China and Taiwan are in talks to address issues preventing Taiwanese asset managers from obtaining RQFII quotas.
Taiwan eyes RQFII boost for ETF market

Taiwan is in talks with China’s central bank to allow Taiwanese financial institutions to obtain renminbi qualified foreign institutional investor (RQFII) quotas and develop RQFII ETFs.

Pony Huang, vice-president of corporate planning and strategy at the Taiwan Stock Exchange, sees this as a way to broaden the product range offered by local asset managers.

Speaking on a panel at Citi’s ETF conference in Hong Kong yesterday, she said Taiwanese investors put $4 billion into US ETFs, which equates to the same amount of capital as is in Taiwan’s ETF market.

To plug gaps in the local market, fund houses should add products to their range such as commodity and RQFII ETFs, argues Huang.

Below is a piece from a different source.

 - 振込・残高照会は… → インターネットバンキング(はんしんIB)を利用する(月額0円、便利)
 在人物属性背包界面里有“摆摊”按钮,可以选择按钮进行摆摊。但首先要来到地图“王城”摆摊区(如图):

Discussions between Taiwan’s central bank and the People’s Bank of China are still in the early stages, she notes, and she could not give a timeframe for when Taiwanese financial institutions might receive RQFII quotas or suggest which firms might enrol in the RQFII programme.  

Huang estimated that the first RQFII batch would not be a large amount, but did not suggest a specific sum.

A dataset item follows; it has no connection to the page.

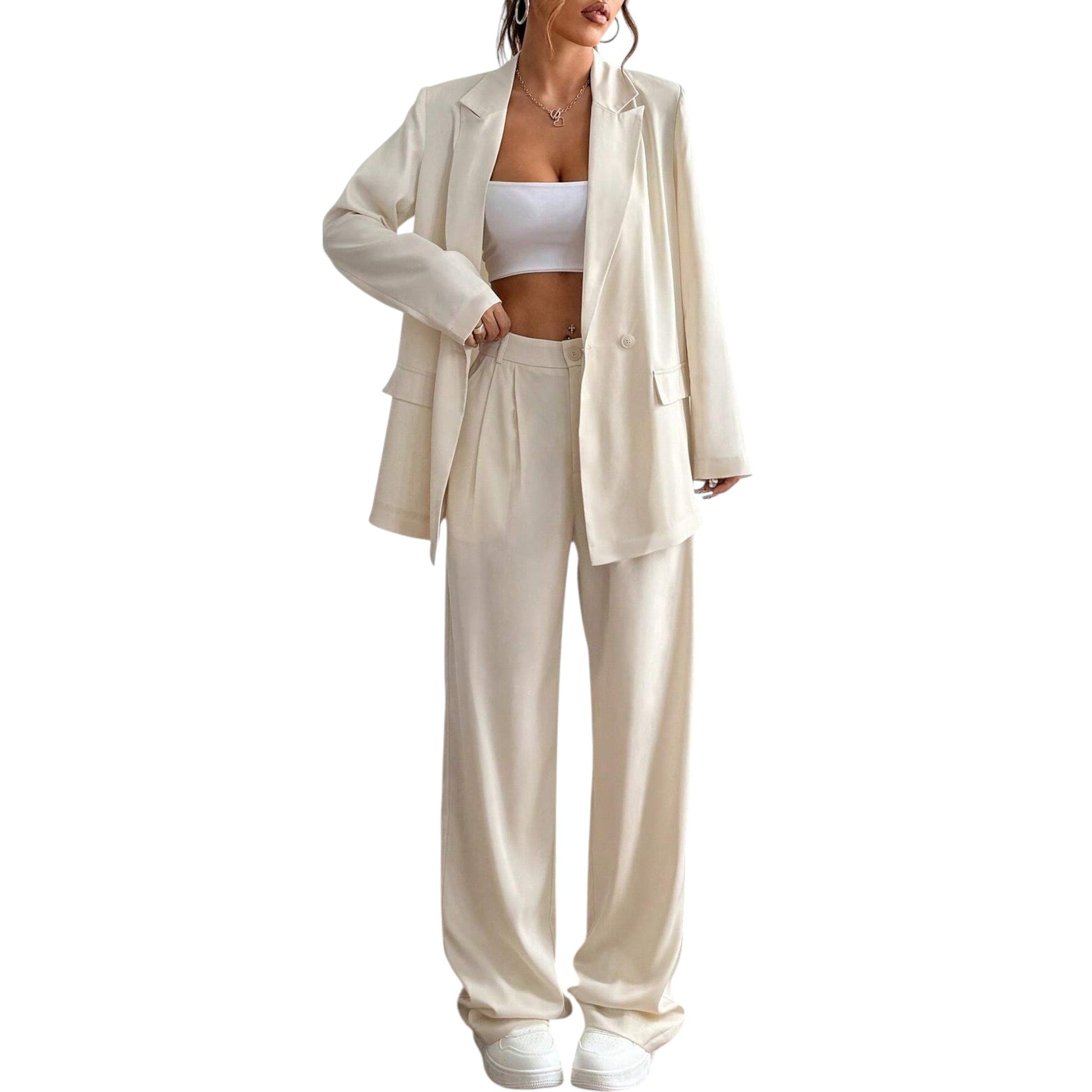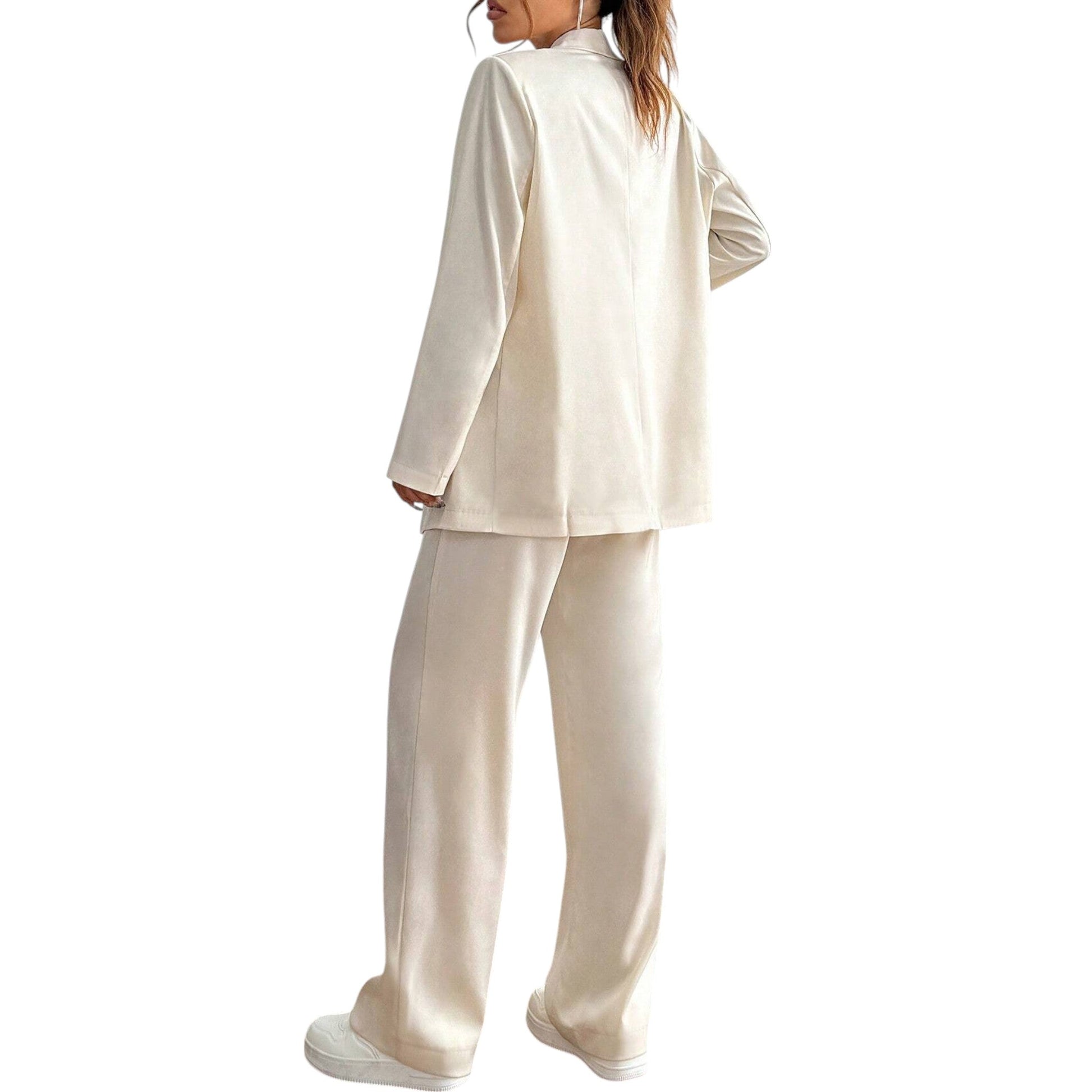 Címke nélküli, ekrü, kétrészes kosztüm, túlméretezett blézerrel és bő szárú nadrággal. A blézer hajtókás gallérral, két gombbal és zsebekkel. A nadrág magas derekú, pliszírozott.

Yet challenges remain for launching RQFII ETFs in Taiwan. One is how offshore RMB will be cleared and settled. Another is that only subsidiaries of Chinese securities firms and fund managers that obtain a licence are eligible to apply for RQFII quotas. The two central banks will discuss how to tackle these problems, says Huang.

The China Securities Regulatory Commission reportedly plans to expand the RQFII programme by increasing the amount of RQFII quotas and allowing more financial institutions in Hong Kong to apply for them. As of September, RQFII quotas totalled Rmb39 billion ($6.2 billion), according to China's State Administration of Foreign Exchange.

However, RQFII products may not be the best investment tools for attracting money from Chinese investors, some say.

Mainland investors looking to invest in Hong Kong, will not come to Hong Kong for RQFII or synthetic ETFs, argues another panellist David Quah, assistant vice-president in the cash market and trading division at Hong Kong Exchanges and Clearing.

Chinese investors are more interested in accessing the foreign market, he adds. ETFs offering, for example, S&P500 exposure are more attractive to mainland investors than A-share ETFs.